スケは魔力を纏わせた手裏剣を指先で回しながら、薄く笑う。


メイ=スケ

「へいへい、こっちは影でこっそりお仕事ってわけね」


二人は施設の窓をこじ開けて中へ。音を立てず、廊下を滑るように進む。


途中、夜勤の職員らしき男が廊下を巡回していたが──


ティナ=カク(低く構えて)

「一瞬よ」


その瞬間、彼女の居合が閃く。


シュッ!


小さな風を切る音と共に、男は糸が切れたように意識を失って倒れた。


メイ=スケ(ひそっと)

「また地味にすごいことするんだから……」



【二階・寝室前】


子供たちが数人、布団にくるまって震えていた。中には涙ぐんでいる子もいる。


ティナ=カク(小声で)

「静かに、起きて。
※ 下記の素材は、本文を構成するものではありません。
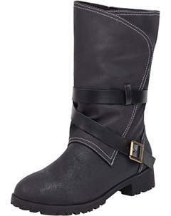 Женские винтажные ковбойские сапоги с середины голени, удобные повседневные ботильоны, противоскользящие западные ковбойские ботильоны на платформе, Black
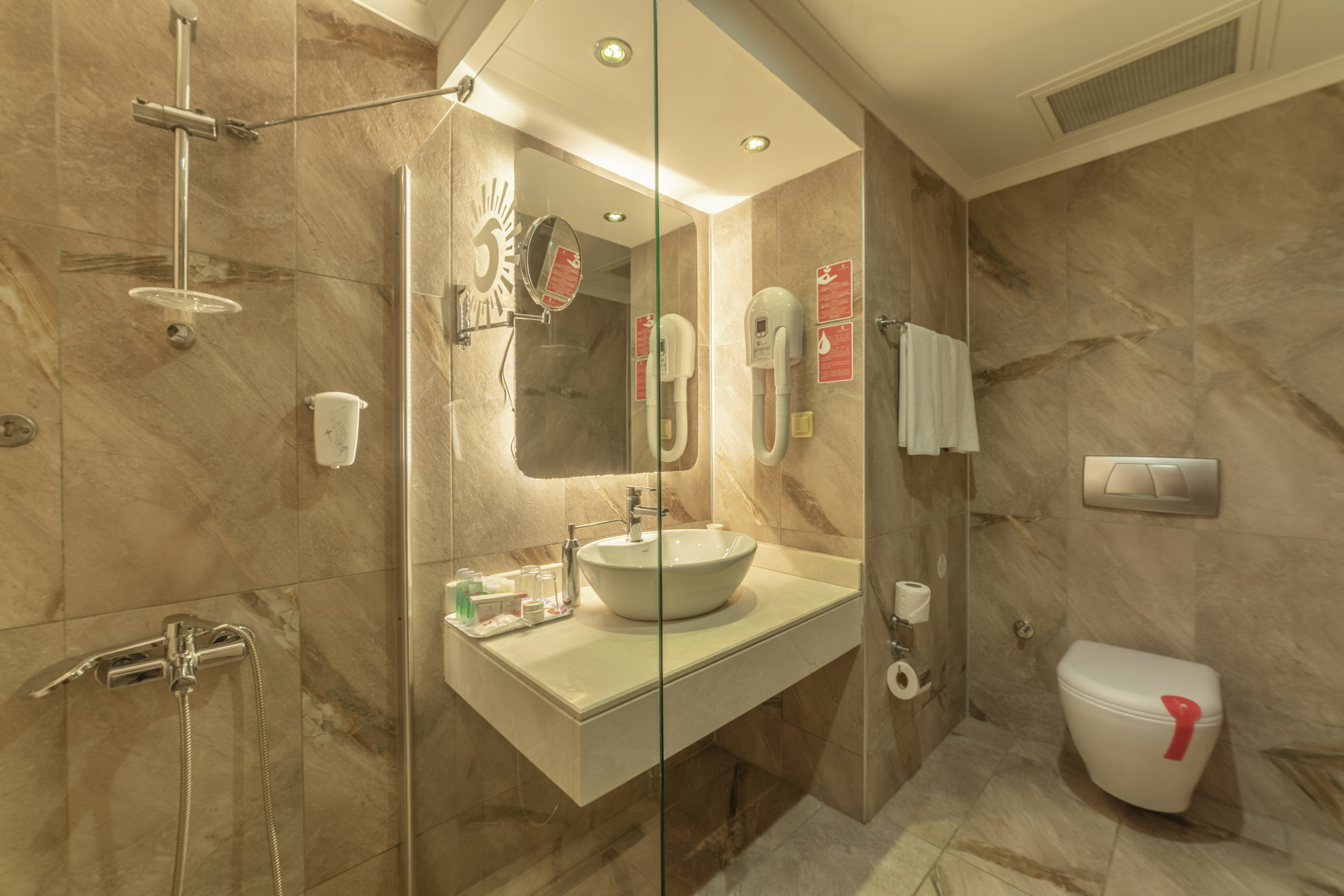 Всички стаи са оборудвани с климатик, телевизор, телефон, баня с душ, сешоар, минибар, сейф, балкон, Wi-Fi. Почистване на стаите и смяна на кърпите - всеки ден, смяна на спално бельо – 3 пъти в седмицата.

あなたたちを安全な場所へ連れていくわ」


スケが顔をほころばせ、優しい声で続ける。


メイ=スケ

「こわくないよ。大丈夫、あたしたちは王女様に頼まれて来たんだ」


子供の一人がぽつりとつぶやく。


「クレアが言ってた人たち……?」


スケはウィンクして、肩をすくめる。


メイ=スケ

「そ。クレアちゃんに聞いてるなら話が早いね。さ、行こうか」


カクは後方を警戒しながら先導し、スケは子供たちの間に立って守るように動く。


──だが、階下から怒鳴り声と足音が響く。


「誰か侵入してるぞー!!」

「ガキどもがいねぇ! 逃げたぞ!」


ティナ=カク(目を細め)

「時間切れね」


メイ=スケ(肩を回しながら)

「やれやれ……バレちまったか。さて、こっからが本番?」



【施設前・中庭】


──静寂を切り裂くような、怒号と足音。


男たちがぞろぞろと現れる。全員が武器を手にしており、明らかにただの職員ではなかった。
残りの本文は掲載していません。